The above message means that “some string” in the search query was a noise word
which was ignore by SQL Server when doing the search lookup.
Okay,
so what do you do if you really really want to search for some keywords like “d.3”
or “AT&T”?

Solution1
For the above scenario#2, FREETEXTTABLE is the incorrect function to
use. FREETEXT predicate is to search for values that match the meaning,
but not the exact wording. If you want to find the exact match, you should use
either CONTAINS or CONTAINSTABLE.

Solution2
With SQL Server 2008, by default the system Stoplist is used for
a catalog. So I created an empty stoplist and associated it with the above
full-text index. This time when I run the query it did return 1 row for the
string ‘d.3’

id data RANK
--- ----- --------

1 d.3 186

Note:
Stoplists/Stopwords are available starting from SQL Server 2008 onwards. Please
check this link for more information https://msdn.microsoft.com/en-us/library/ms142551.aspx.

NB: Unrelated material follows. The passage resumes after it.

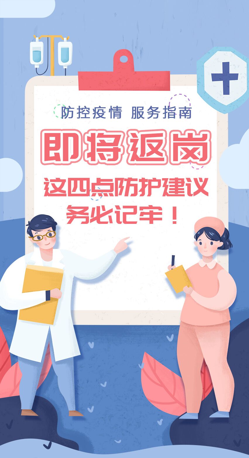 距离上班时间越来越近,但疫情还在继续,即将返岗,这四点防护建议务必牢记!记不住的话,请将这条信息保存好,告诉好身边的同事!

If you are using SQL 2005, you can manually edit the noiseDEU.txt in the
FTDATA folder and remove the alphabets and numbers. This will require a restart
of the full-text search service + full population for the changes to show up. The
disadvantage of doing this is that you full-text index gets bloated and becomes
larger in size.

Scenario2 –
Swedish/Norwegian characters

Mr Customer: I have a Full-text
index created on a table that contains data in both Swedish and Norwegian.
Certain queries produce incorrect results and the behaviour is inconsistent.

Me: I am all ears!
Mr Customer:
My Swedish users raised a point that they aren’t able to search using
some special chars like Ø . Here’s my
complete situation.

I have lots of rows in my table which contains the word OPPGJØR. Now when I run the following
query using a prefix search, it gives me 0 rows as output. (FYI - OPPGJØR translates to SETTLEMENT in Norwegian ).

 select * from TBL1 where contains(*,'"OPPGJØ*"')

But if I remove full-text and do a LIKE search I see the rows containing
OPPGJØR being returned.

 select * from TBL1 where datacolumn like 'OPPGJØ*'

Even more strange, if I place the prefix search like this I see
the rows being returned.

 select * from TBL1 where contains(*,'"OPPGJØR*"')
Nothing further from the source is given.